A measuring device, especially a flow measuring device, including a measuring tube. The measuring tube includes at least one nozzle formed from the measuring tube by hot forming and serving for mounting a measuring transducer, especially an ultrasonic transducer, a measurement signal reflector, especially an ultrasonic reflector, and/or a measurement transmitter, and a method for manufacturing a measuring tube for a measuring device.

Description

The present invention relates to a measuring device and a method for manufacturing a measuring tube for a measuring device.

A measuring tube for a measuring device usually has nozzles, which are provided for the mounting of measuring transducers, respectively sensors, and measurement transmitters on the measuring tube.

These nozzles are usually welded to the measuring tube. A welded connection has, however, a variety of disadvantages. For instance, as a result of the high heat input during the welding, material distortion or warping can be experienced, which, as a rule, makes itself noticeable by a collapsing of the tube in the region of the nozzle welding. This can negatively influence the measuring performance.

Because this material distortion or warping depends, moreover, strongly on the details of the welding (e.g. welding speed, interpass temperature, etc.), and because nozzle weldings on flow measuring devices are, as a rule, manually executed, considerable geometric fluctuations can be experienced in the measured devices. This leads then to fluctuations in the measuring performance, which is inconsistent with reproducible batch production.

Furthermore, nozzles on flow measuring devices must typically be welded all the way through the wall, due to the specifications of standards. This leads especially in the case of pipes with significant wall thicknesses to multipass welding, which increases time and cost.

Cold forming methods are known for one-piece constructing of sensor nozzles on a measuring tube. There is no weld seam in such case. These methods are, however, only applicable in the case of measuring tubes having small wall thicknesses, so that measuring tubes for higher pressures cannot be manufactured therewith.

It is, consequently, an object of the present invention to provide a measuring tube with at least one nozzle, which is one-piece with the measuring tube and connected seamlessly with the measuring tube and which also can be implemented in the case of increased wall thicknesses, especially greater than 6 mm.

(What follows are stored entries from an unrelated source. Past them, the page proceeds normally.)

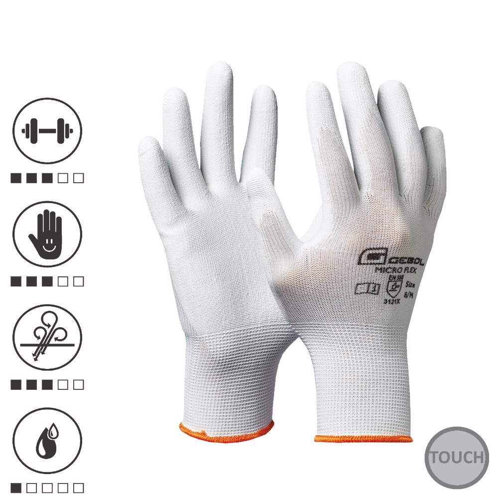 Gebol 709243, Mănuși de protecție Nano Flex White, din poliester, acoperire subțire din poliuretan, uz profesional, mărimea 10/XL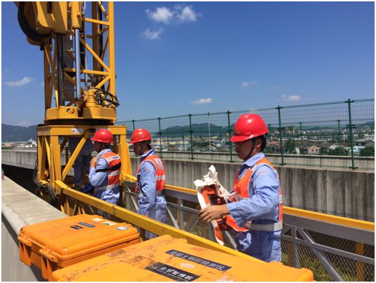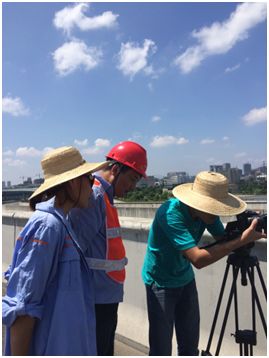 盡管如此,檢測員們?nèi)匀蔽溲b,穿戴好反光背心、安全帽,佩戴上安全帶,頂著烈日在橋檢車上揮汗如雨地工作著。拍攝過程持續(xù)了1個多小時,汗水濕透了我們的衣服又被太陽曬干,但對于檢測員們而言,在這樣的天氣里工作不過是他們的常態(tài)。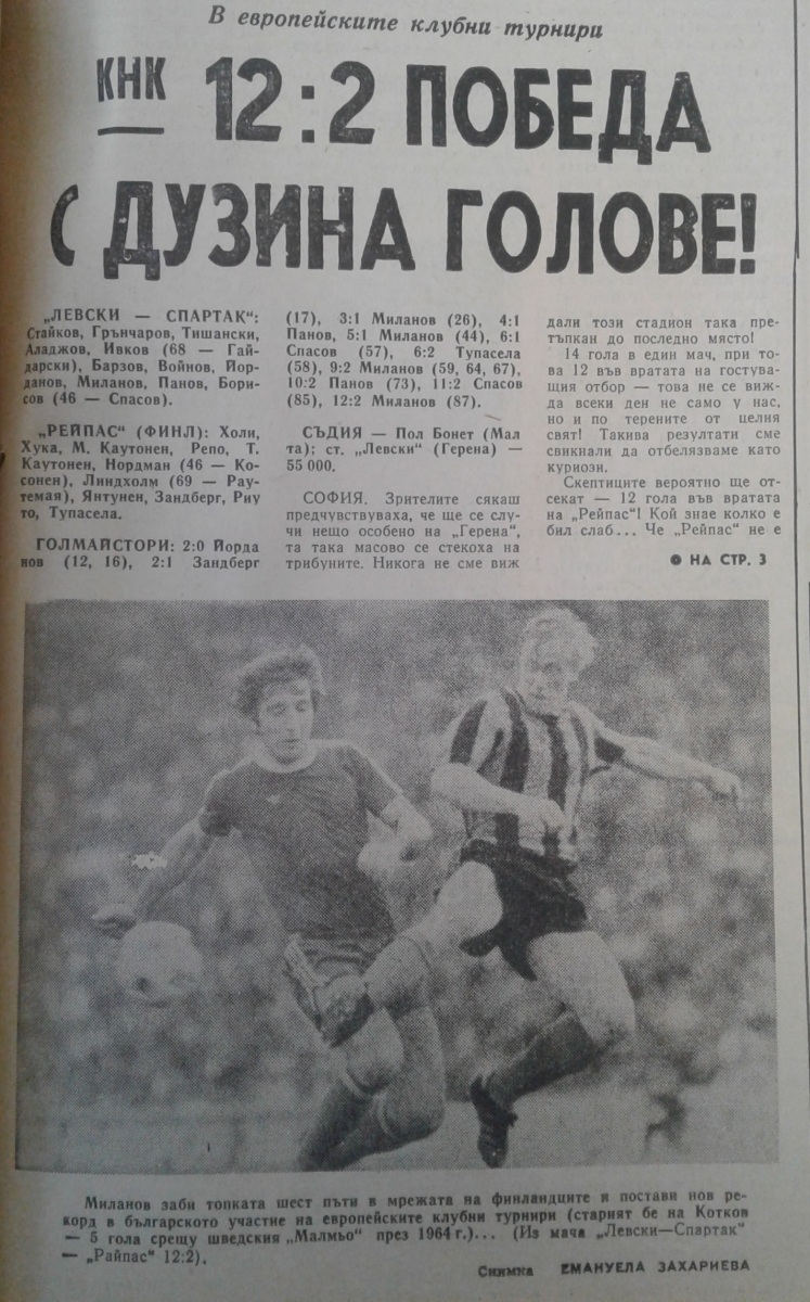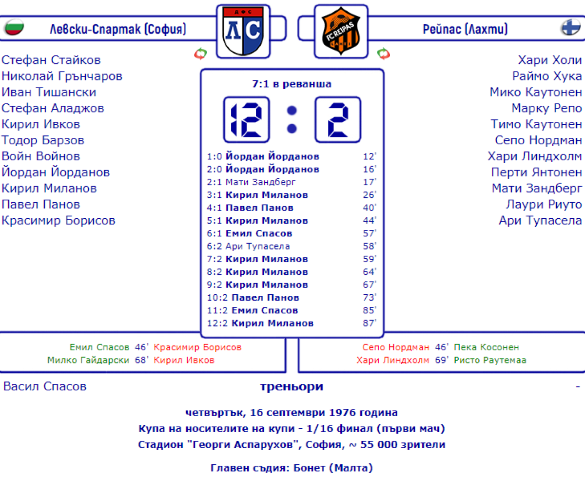 «Левски-Спартак» София - Лахти - 12:2

This object is achieved by a measuring device as defined in claim 1.

According to the invention, a measuring device, especially a flow measuring device, includes a measuring tube. This measuring tube includes at least one nozzle formed from the measuring tube by hot forming. The nozzle serves for mounting a measuring transducer, a measurement signal reflector, especially an ultrasonic reflector, and/or a measurement transmitter.

Hot forming methods have been known for a long time. An example of such a method is, for example, described by H. U. Stein in the article “Warmaushalsen von Behälterböden (hot necking of container floors” in “Chemie Ingenieur Technik (chemical engineering technology”, Vol. 41, 1969. Usually, a pipe is heated into the range, 1000° C. to 1200° C. This can occur, among other ways, by means of a gas burner.

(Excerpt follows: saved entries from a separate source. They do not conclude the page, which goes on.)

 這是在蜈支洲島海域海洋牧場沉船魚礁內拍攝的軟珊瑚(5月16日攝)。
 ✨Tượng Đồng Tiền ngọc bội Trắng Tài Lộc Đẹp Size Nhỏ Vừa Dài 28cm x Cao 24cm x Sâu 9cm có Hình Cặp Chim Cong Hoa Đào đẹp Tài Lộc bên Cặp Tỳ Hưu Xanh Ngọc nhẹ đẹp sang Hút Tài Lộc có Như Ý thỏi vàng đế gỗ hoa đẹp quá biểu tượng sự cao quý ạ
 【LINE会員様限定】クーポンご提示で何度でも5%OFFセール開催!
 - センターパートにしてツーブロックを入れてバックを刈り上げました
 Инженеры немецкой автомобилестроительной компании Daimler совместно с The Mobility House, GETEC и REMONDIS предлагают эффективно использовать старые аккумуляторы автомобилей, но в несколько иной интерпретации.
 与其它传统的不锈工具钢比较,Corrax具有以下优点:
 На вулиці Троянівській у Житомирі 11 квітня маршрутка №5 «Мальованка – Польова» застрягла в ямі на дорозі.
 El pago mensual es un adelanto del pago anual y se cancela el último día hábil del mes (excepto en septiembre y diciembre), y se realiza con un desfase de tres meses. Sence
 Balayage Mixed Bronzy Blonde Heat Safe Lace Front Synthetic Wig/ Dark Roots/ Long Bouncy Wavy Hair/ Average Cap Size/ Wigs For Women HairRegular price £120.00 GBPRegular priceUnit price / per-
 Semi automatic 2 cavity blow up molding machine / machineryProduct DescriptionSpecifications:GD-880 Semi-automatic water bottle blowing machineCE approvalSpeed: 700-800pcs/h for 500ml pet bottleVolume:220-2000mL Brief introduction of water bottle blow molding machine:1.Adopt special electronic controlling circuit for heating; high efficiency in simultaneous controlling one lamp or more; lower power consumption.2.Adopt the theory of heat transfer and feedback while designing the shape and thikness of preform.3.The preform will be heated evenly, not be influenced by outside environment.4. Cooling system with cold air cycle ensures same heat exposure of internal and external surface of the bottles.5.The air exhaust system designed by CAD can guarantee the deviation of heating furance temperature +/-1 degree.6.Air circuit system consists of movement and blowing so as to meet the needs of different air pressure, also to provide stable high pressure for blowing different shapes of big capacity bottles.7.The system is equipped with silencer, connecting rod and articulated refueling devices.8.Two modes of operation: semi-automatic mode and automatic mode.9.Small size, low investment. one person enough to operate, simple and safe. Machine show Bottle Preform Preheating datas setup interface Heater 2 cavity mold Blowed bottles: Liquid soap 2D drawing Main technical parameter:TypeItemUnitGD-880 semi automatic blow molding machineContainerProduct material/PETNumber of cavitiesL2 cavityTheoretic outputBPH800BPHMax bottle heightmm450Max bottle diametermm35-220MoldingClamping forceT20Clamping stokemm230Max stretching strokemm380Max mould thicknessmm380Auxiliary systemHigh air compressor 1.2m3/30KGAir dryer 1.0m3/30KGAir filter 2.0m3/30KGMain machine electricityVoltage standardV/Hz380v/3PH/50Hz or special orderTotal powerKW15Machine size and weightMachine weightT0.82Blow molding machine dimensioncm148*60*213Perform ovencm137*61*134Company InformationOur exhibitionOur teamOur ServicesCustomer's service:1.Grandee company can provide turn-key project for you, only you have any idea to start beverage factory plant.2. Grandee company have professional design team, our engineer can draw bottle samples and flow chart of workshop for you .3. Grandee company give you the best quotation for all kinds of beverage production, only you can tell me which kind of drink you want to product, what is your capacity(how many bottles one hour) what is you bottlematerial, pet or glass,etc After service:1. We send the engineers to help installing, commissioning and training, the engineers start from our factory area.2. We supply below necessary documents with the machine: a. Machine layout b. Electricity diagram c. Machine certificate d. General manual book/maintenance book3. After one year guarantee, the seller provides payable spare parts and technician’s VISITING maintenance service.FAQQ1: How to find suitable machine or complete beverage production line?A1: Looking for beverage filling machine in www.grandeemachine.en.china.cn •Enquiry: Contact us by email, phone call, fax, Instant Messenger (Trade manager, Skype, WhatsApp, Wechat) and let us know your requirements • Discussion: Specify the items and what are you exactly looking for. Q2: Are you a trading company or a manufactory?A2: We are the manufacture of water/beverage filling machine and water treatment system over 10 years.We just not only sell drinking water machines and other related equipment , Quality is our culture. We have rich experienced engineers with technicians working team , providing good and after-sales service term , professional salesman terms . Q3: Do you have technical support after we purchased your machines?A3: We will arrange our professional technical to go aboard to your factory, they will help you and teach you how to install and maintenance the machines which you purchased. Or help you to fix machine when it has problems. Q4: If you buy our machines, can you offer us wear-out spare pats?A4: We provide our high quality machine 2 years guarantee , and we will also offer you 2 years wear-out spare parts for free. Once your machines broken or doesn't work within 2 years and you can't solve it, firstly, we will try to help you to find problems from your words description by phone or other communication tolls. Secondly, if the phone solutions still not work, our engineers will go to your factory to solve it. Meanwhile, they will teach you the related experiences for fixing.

Other than in the case of ordinary pipes, nozzles of measuring tubes have special requirements for exact orientation and formation, since the orientation of the nozzle, e.g. in the case of an ultrasonic, flow measuring device, determines the signal path of the ultrasonic signal. It has been found that hot forming is suitable for such nozzles.

Additionally, the hot forming enables the manufacture of one or more interfaces between tubular piece and sensor, respectively transducer element, without having to weld. Additionally, each nozzle is exactly positionable along the longitudinal axis of the measuring tube and in the circumferential direction.

The hot forming can additionally enable the manufacture of a pressure-bearing interface between tubular piece and sensor, respectively transducer element, with attention to the specifications of the relevant strength standards (e.g. PED, EN 13480, ASME B31.3) for a measuring tube.

The interface between tubular piece and sensor nozzle includes a flow friendly transition between tube and nozzle, inside the measuring tube. This may be of no great importance for an ordinary pipe, but, in the case of a measuring tube, the advantage is considerable for preventing flow disturbances in the region of the sensor.

Thus, complex subsequent processing of the surface inside the measuring tube is avoided. The manufacture of the measuring tube with the nozzle can, in such case, occur with production ready and well reproducible conditions.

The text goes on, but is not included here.